Het vorenoverwogene brengt mee dat, nu niet in geschil is dat, indien de eigendomsverkrijging op 17 september 1990 geen vervanging van de in 1989 onteigende grond inhoudt, de door belanghebbende ultimo 1989 gevormde vervangingsreserve in stand dient te blijven, de middelen eveneens doel treffen, in zoverre zij opkomen tegen 's Hofs oordeel dat de Inspecteur terecht heffingsrente in rekening heeft gebracht.
- 3.5.
'S Hoofs uitspraak kan niet in stand blijven. De Hoge Raad kan zelf de zaak afdoen.
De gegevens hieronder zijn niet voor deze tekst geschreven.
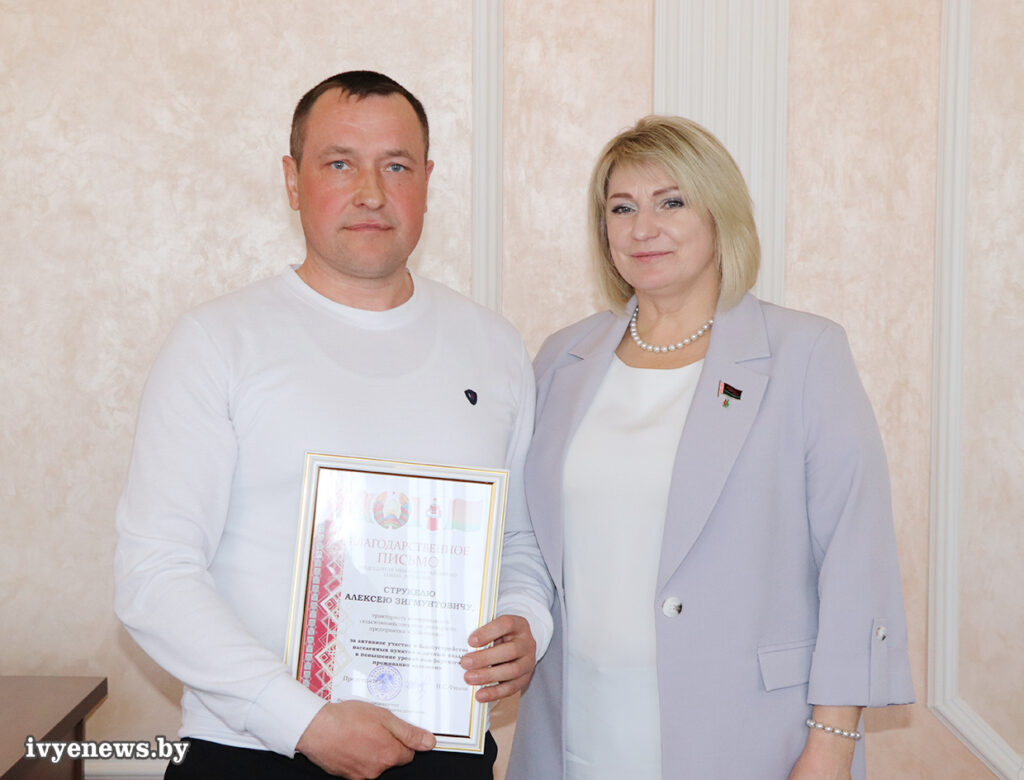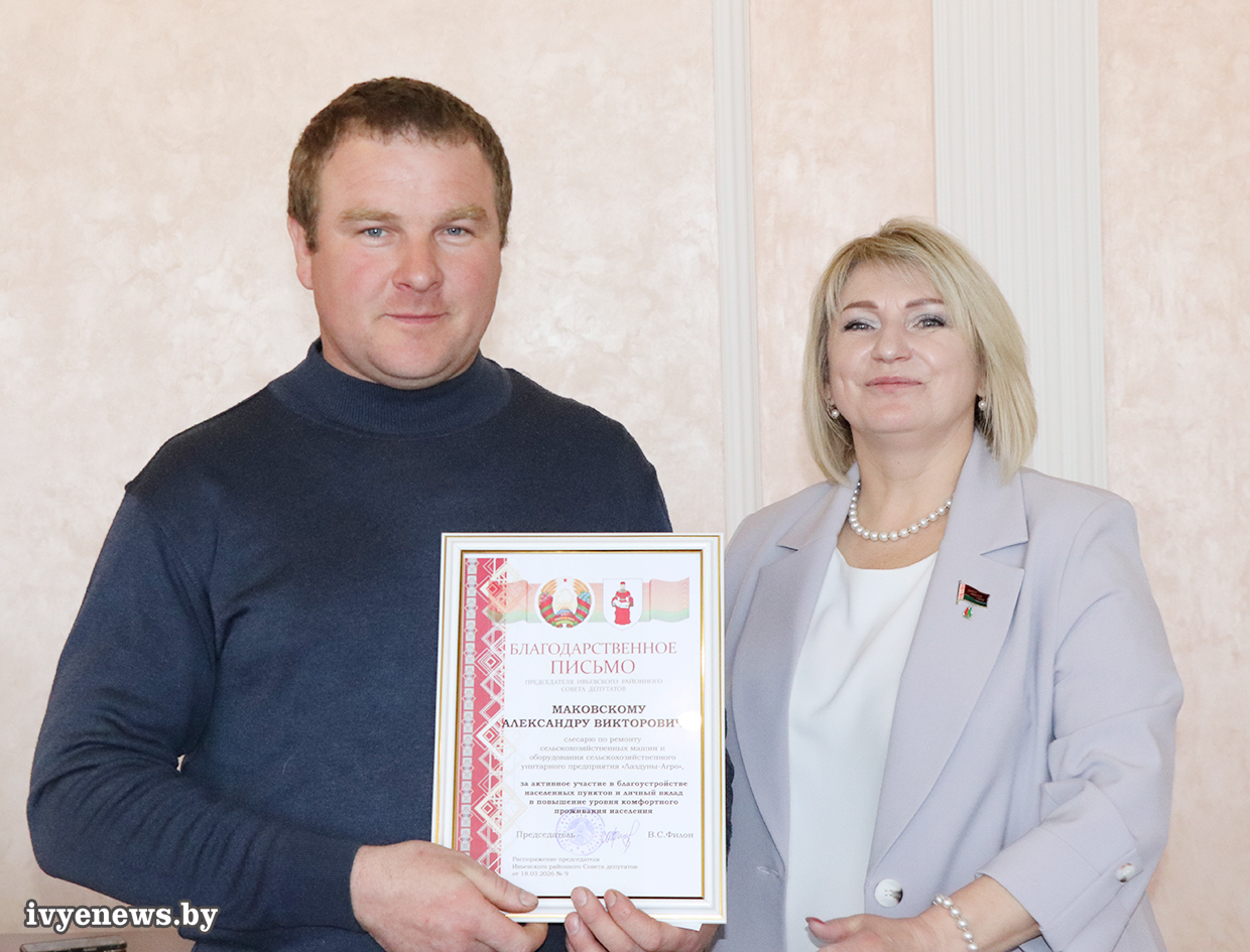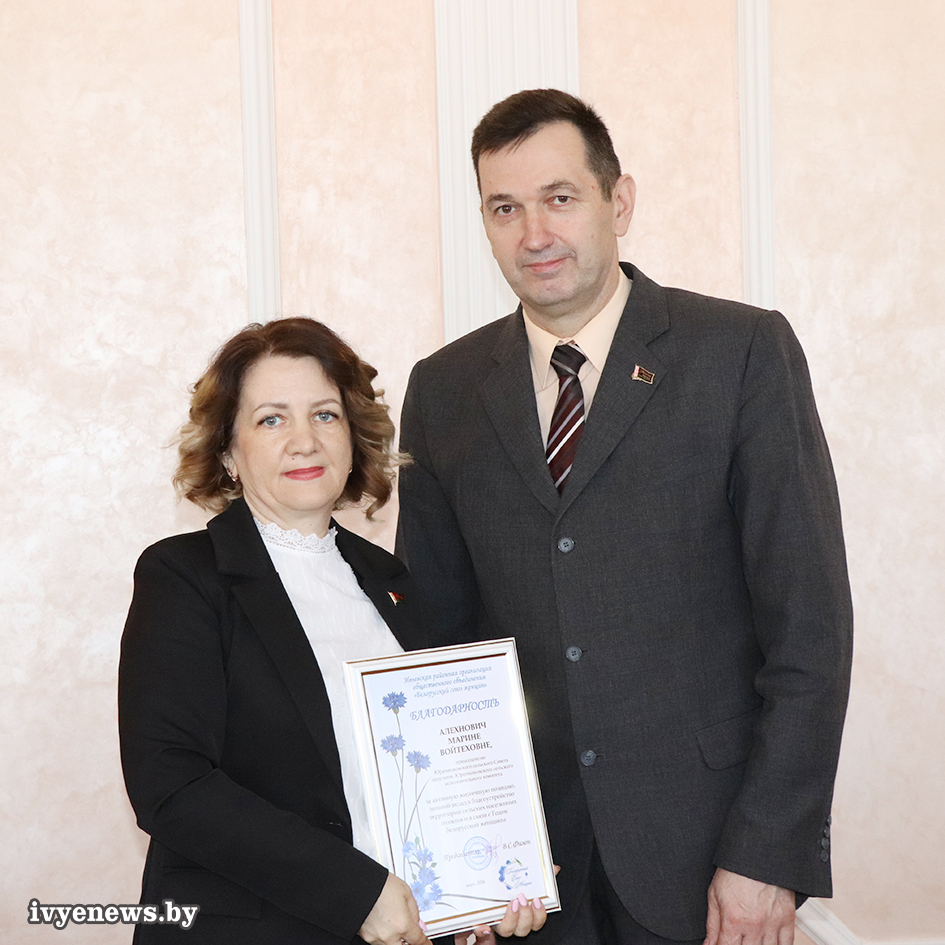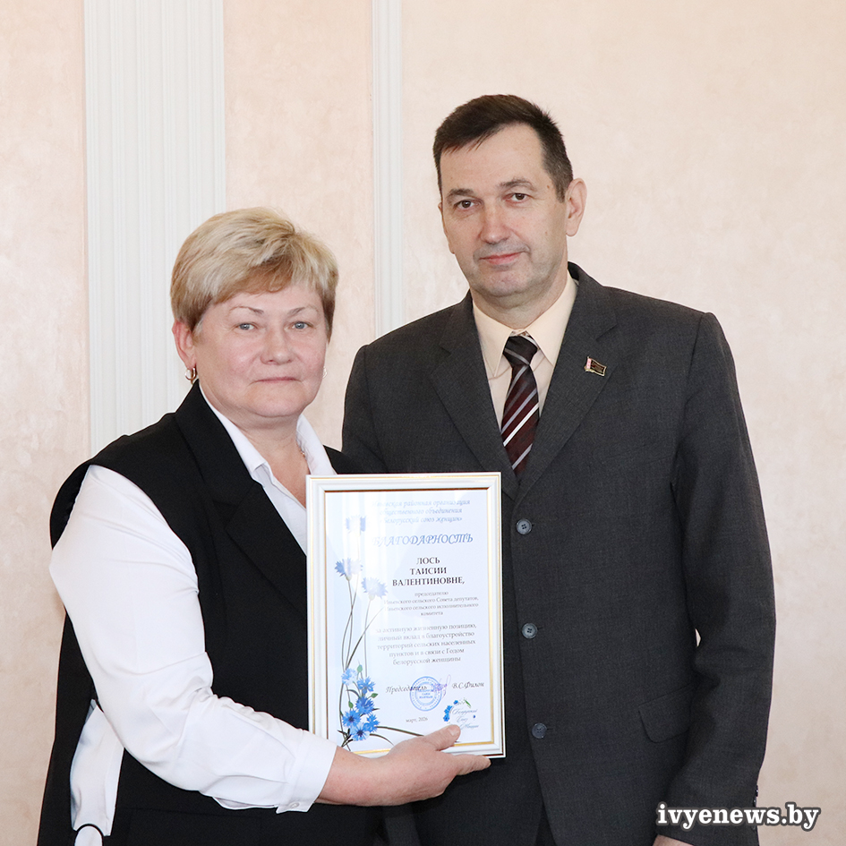 Председатели сельсоветов района Янина Бузар, Таисия Лось, Валентина Марусова и Марина Алехнович получили благодарности Ивьевской районной организации БСЖ за активную жизненную позицию, личный вклад в благоустройство территорий сельских населенных пунктов и в связи с Годом Белорусской женщины;  главный редактор учреждения «Редакция газеты «Іўеўскі край» Ирина Лысогор была награждена за активное участие в освещении вопросов благоустройства, информационное сопровождение деятельности сельских Советов депутатов.

De aanslag moet worden verminderd tot een aanslag berekend naar een belastbaar bedrag van ƒ 326.370,-- en de beschikking inzake heffingsrente moet worden vernietigd.
- 4.
Proceskosten De Hoge Raad acht termen aanwezig om ten aanzien van de proceskosten die belanghebbende in verband met de behandeling van het geding in cassatie en de behandeling van het geding voor het Hof redelijkerwijs heeft moeten maken, te beslissen als hierna zal worden vermeld.
- 5.
Beslissing De Hoge Raad vernietigt de uitspraak van het Hof alsmede de uitspraak van de Inspecteur, vermindert de aanslag tot een aanslag berekend naar een belastbaar bedrag van ƒ 326.370,--, vernietigt de daarbij genomen beschikking inzake heffingsrente, gelast dat door de Staatsecretaris van Financiën aan belanghebbende wordt vergoed het door deze ter zake van de behandeling van het beroep in cassatie verschuldigd geworden griffierecht ten bedrage van ƒ 300,-- alsmede het bij het Hof gestorte griffierecht ter zake van de behandeling van de zaak voor het Hof ten bedrage van ƒ 75,--, derhalve in totaal ƒ 375,--, veroordeelt de Staatssecretaris van Financiën in de kosten van het geding in cassatie aan de zijde van belanghebbende, vastgesteld op ƒ 2.840,-- voor beroepsmatig verleende rechtsbijstand, veroordeelt voorts de Inspecteur in de kosten van het geding voor het Hof aan de zijde van belanghebbende, vastgesteld op ƒ 3.550,-- voor beroepsmatig verleende rechtsbijstand, en wijst aan de Staat als de rechtspersoon die de bij het Hof gemaakte kosten moet vergoeden.
Dit arrest is op 5 februari 1997 vastgesteld door de raadsheer Van der Linde als voorzitter, en de raadsheren Bellaart, De Moor, Van der Putt-Lauwers en Van Brunschot, in tegenwoordigheid van de waarnemend griffier Van Hooff, en op die datum in het openbaar uitgesproken.